В Херсоне Мамонт Дальский играл в трагедии Августа Стриндберга «Отец».

Одна сцена, где с особенной яркостью проявились и его могучий темперамент и блестящая актерская техника, не могла не стать для молодого любознательного актера самой лучшей школой. Герой Дальского, ротмистр, вел ссору с женой, не повышая голоса, приличными светскими интонациями, но в последний момент терял над собой власть и, когда жена поворачивалась, чтобы уйти, внезапно хватал со стола зажженную лампу и бросал в нее. Этот контраст ошеломлял публику.
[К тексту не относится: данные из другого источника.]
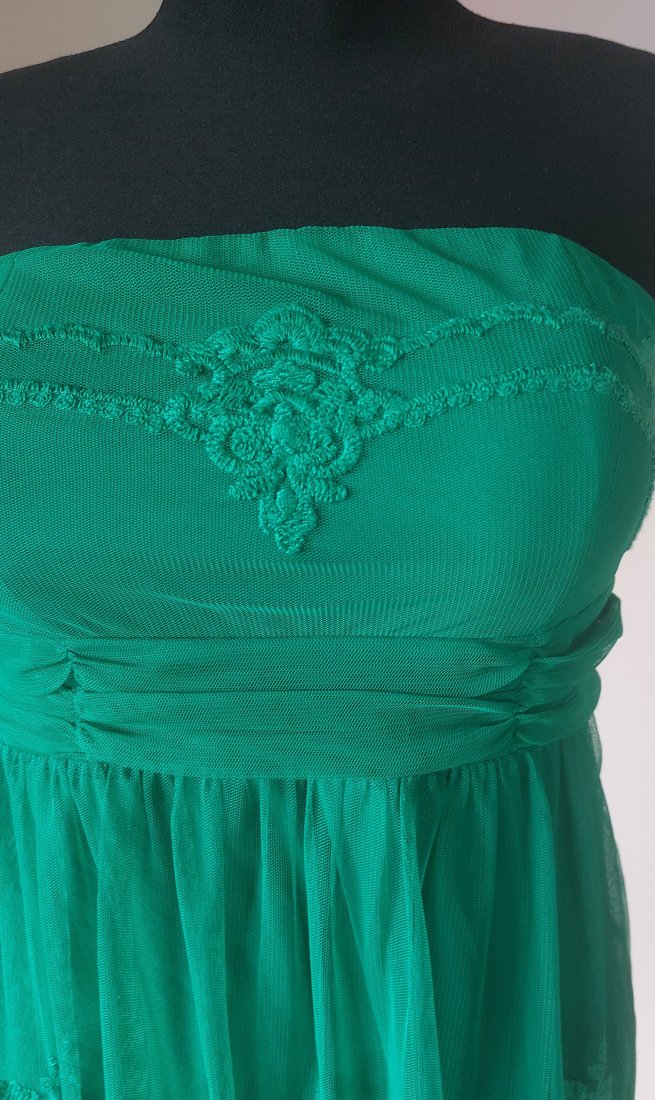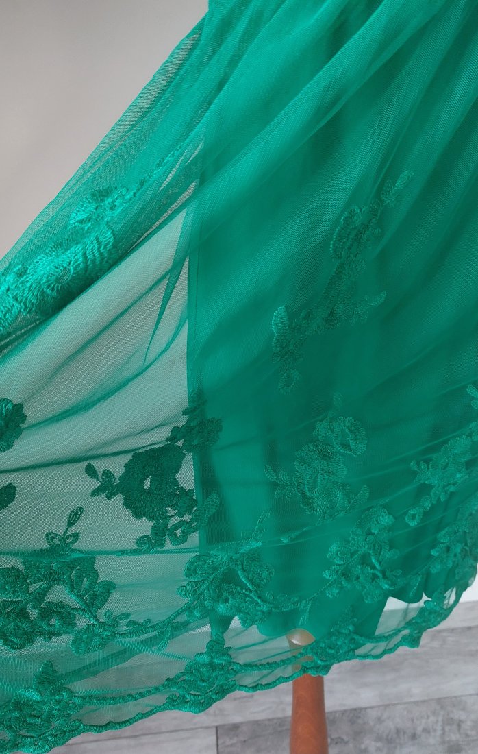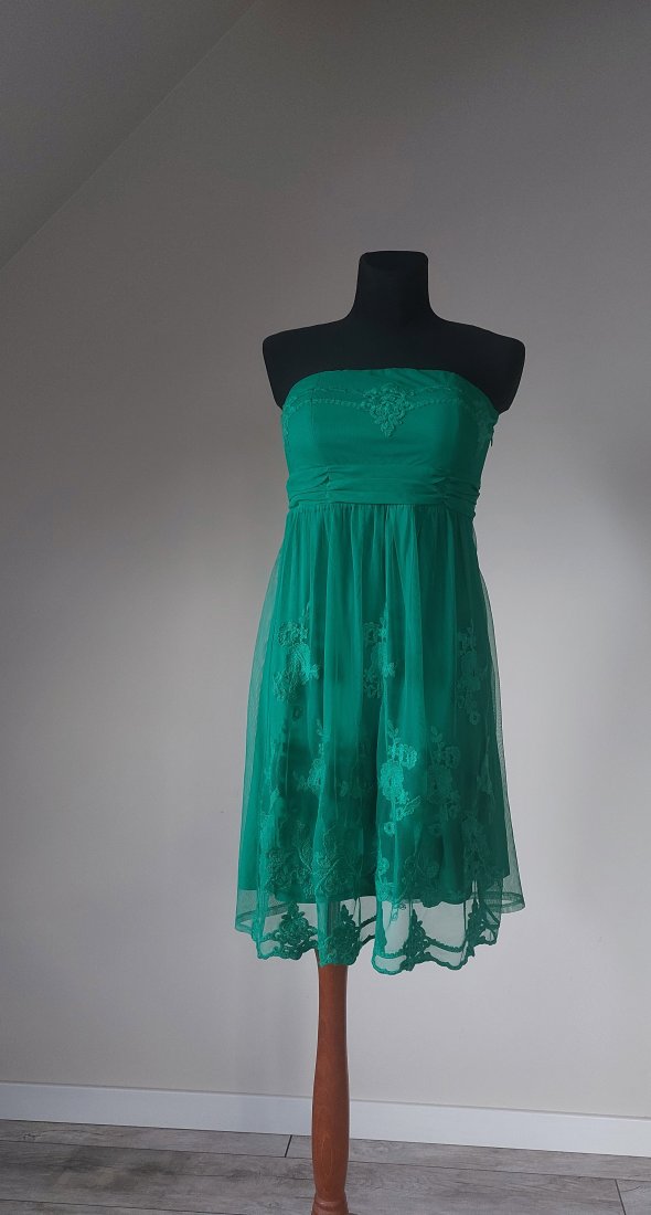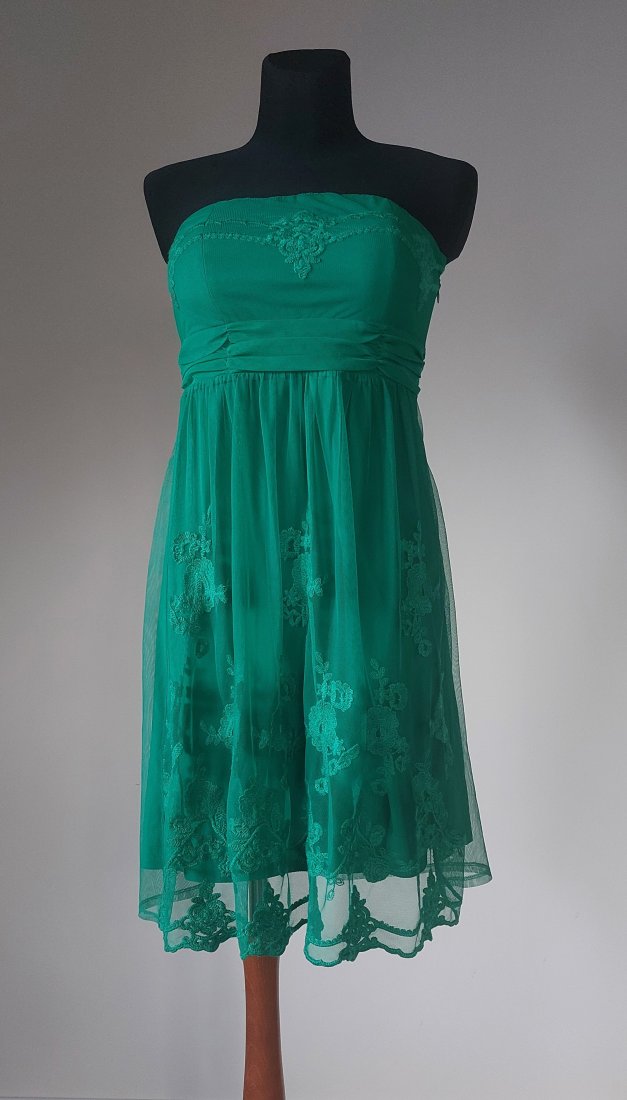 Koronkowa sukienka marki Esprit , nowa z defektem, zaciągnięcia z boku sukienki, wewnątrz podszewka, zapięcie na zamek Rozmiar S. Długość od pachy 75 cm, szerokość pod pachami 38 cm, szerokość pod biustem 36 cm.
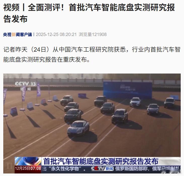 12月25日,央视新闻发布消息称,国内汽车行业首批智能底盘实测研究报告已于重庆正式发布。本次测评由中国汽车工程研究院牵头开展,研究团队筛选出十余款市场主流车型,针对性设计了13类典型测试工况,涵盖弯道爆胎、十字路口过弯抗滑干扰、对开坡道起步等极具挑战性的用车场景,同时围绕20余项核心指标完成全方位性能验证。
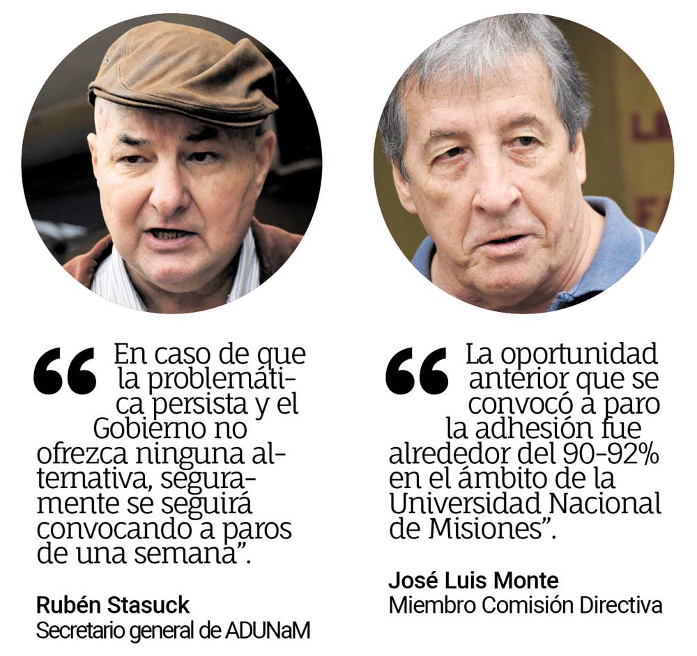 Por su parte, José Luis Monte, integrante de la Comisión Directiva, sostuvo: “La oportunidad anterior que se convocó a paro la adhesión fue alrededor del 90-92% en el ámbito de la Universidad Nacional de Misiones y a nivel nacional también, ronda alrededor del 80-85%”.

Я тоже был потрясен. Несколько раз смотрел я этот спектакль, и лампа каждый раз пролетала в считанных сантиметрах от актрисы, никогда не задевая ее. Наверно, актриса волновалась, и однажды я услышал, как Дальский уговаривал:

— Умоляю вас, не бойтесь! И главное, ради бога, не оборачивайтесь! Тогда все будет в порядке. Не забывайте ни на секунду, что стоит вам оглянуться — и лампа угодит вам в голову!

Я понял тогда, что значит профессиональная актерская честность. Ведь Дальский мог бросить лампу и после ухода жены, но тогда зрители не почувствовали бы с такой остротой характер героя, атмосферу его жизни. Владение, казалось бы, необузданным грандиозным темпераментом и тщательность мастерства, точное понимание, что именно нужно для выразительности сцены, — вот что поразило меня тогда в его игре.

Мне было всего семнадцать лет, и соблазны жизни манили меня неудержимо, а тут еще мой веселый, общительный характер. И влюбчивость. Я влюблялся, мучительно влюблялся в красивых Девушек, да еще, как на грех, и сам им тоже не был противен. Тем не менее я не мог себе представить, что не приду раньше всех на репетицию или не досижу до конца всех сцен всех актеров — не только в тех спектаклях, в которых я должен был играть, но решительно во всех…

Молодежь, я говорю это специально для вас!

Почему я так делал? Я был любопытен, мне все было интересно, все доставляло необыкновенную радость. Но самое главное — уж очень мне хотелось скорее стать настоящим актером.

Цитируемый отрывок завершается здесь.